My oldest sister, Mary Ellen, has two daughters, eighteen and twenty-one, both basketball players, and she’s dealt with everything from torn knee ligaments and a broken jaw to an alcohol-related car accident that battered her younger daughter, Irene. The chief of staff for my mother during the mad years of intensive child-rearing, she cultivates a hard-bitten, changed-one-diaper-too-many persona, but under that she’s a support warrior.
She doesn’t like the sound of what Audrey has done. I pace from my living room to the kitchen and back, spilling my guts about everything that could be weighing on Audrey, except having sex in front of her. I tell her a social worker is involved and that I’ve temporarily lost my custody rights.
“Oh, that’s terrible,” she says, “but that’s not going to hold up. You’ll get custody back. You’re not using heroin, are you?”
“Uh, no.”
“I’ve heard all the great musicians do,” she adds. “Something to think about.”
I laugh and look out my front window at the empty nighttime street. There’s actually a dealer on our block who offers “rocks and blows,” cocaine and heroin—“blows” for heroin because people around here snort it.

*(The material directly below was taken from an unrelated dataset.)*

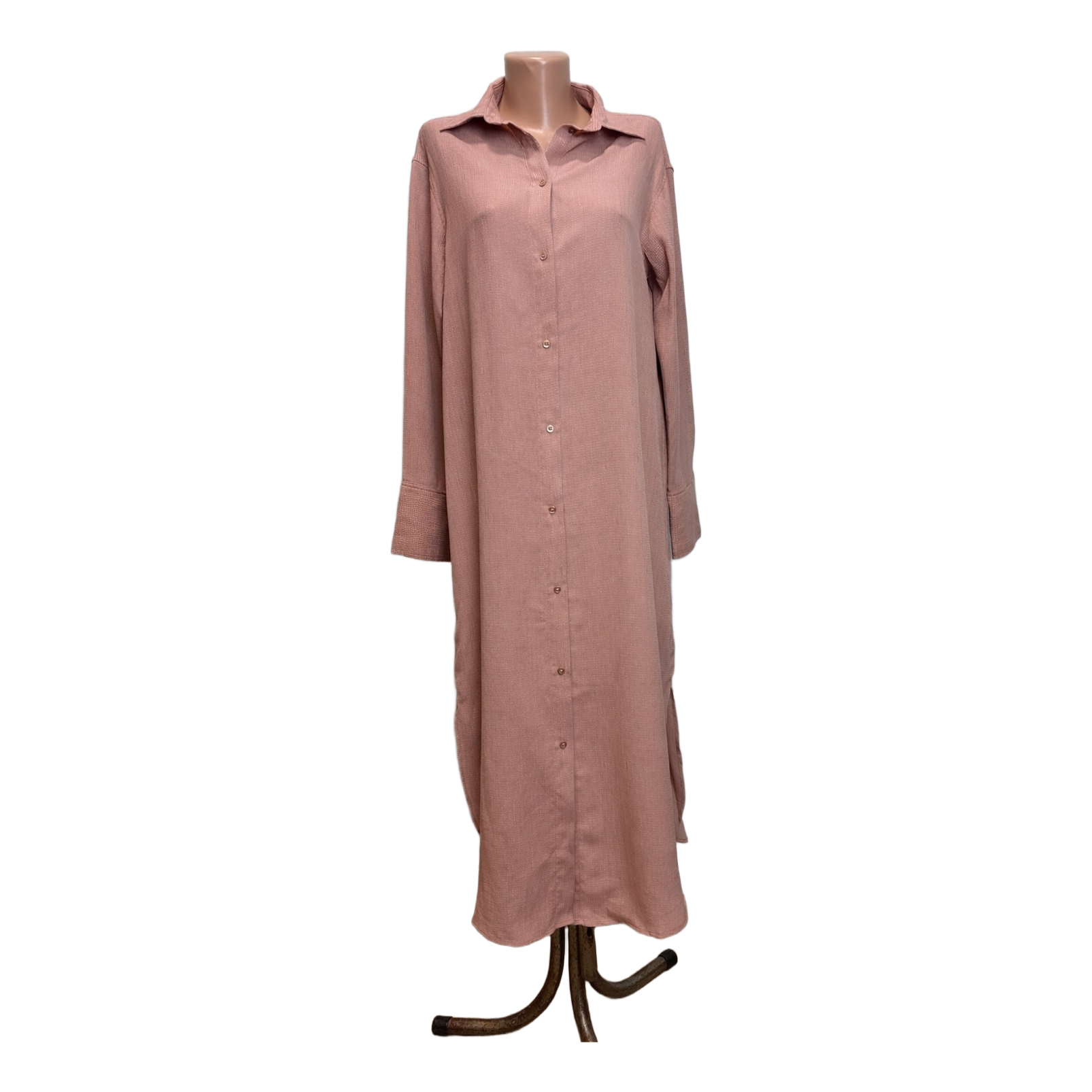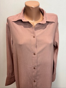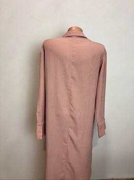 Longer shirt-dress with buttons at the front. Fabric textured, pastel pink color.

“We’ll probably have to take her to a therapist,” I say. “We should take her to a therapist.”
“Well, yes, there’s that.”
“Listen,” I say, shifting gears, “do you mind if I ask you something about Dad?”
“Depends what it is.”
“Well, I know we tend not to talk about this kind of thing, but George told me about some of the mental health stuff Dad went through, you know, back in the day, and I’m kind of wondering what you remember about that.”
“Uh, boy,” she says.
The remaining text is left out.